Interpreting blood test abnormality patterns is central to diagnosing FIP in American cats. Persistent nonregenerative anemia, hyperglobulinemia, low albumin-to-globulin ratio, neutrophilia or neutropenia, lymphopenia, and elevated acute-phase proteins together build a compelling laboratory profile. While no marker alone is definitive, combining abnormal results with clinical suspicion and advanced testing guides timely decision-making, improves outcomes, and supports compassionate care.

References

1. Addie, D.D., Toth, S. "Feline Infectious Peritonitis: Diagnosis and Prevention." Veterinary Clinics of North America: Small Animal Practice.

2. Hartmann, K. "Feline Infectious Peritonitis: Recent Advances in Clinical Diagnostics and Treatment." Journal of Feline Medicine and Surgery.
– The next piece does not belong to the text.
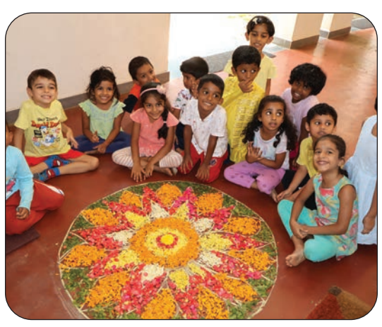
Young ones making 'Pookolam' for Onam festival

The ATA Film Club screened Studio Ghibli's The Boy and the Heron , inspiring students from Grades 4 to 7 to analyse its emotional depth and theme. There were also cultural celebrations of festivals — Krishna Jayanthi, Vinayak Chathurthi, Onam, and Diwali. ATA's blend of academics, cultural immersion, and environmental stewardship ensured a dynamic and holistic learning environment for the students during this term.

3. Pedersen, N.C. "Feline Infectious Peritonitis and Feline Coronavirus Pathogenesis: Update from the USA." Veterinary Immunology and Immunopathology.

4. Kipar, A., Meli, M.L. "Feline Infectious Peritonitis: A Review and Laboratory Relevance." Laboratory Hematology.

5. Tasker, S. "Diagnosis of Feline Infectious Peritonitis: Update and Challenges." Veterinary Quarterly.

6. Hazel, P.W., "The Role of Acute Phase Proteins in FIP Diagnosis." Veterinary Pathology Journal.

7. Sparkes, A.H., "Blood Test Abnormalities Seen in FIP: Interpretation and Pitfalls." Cats International Review.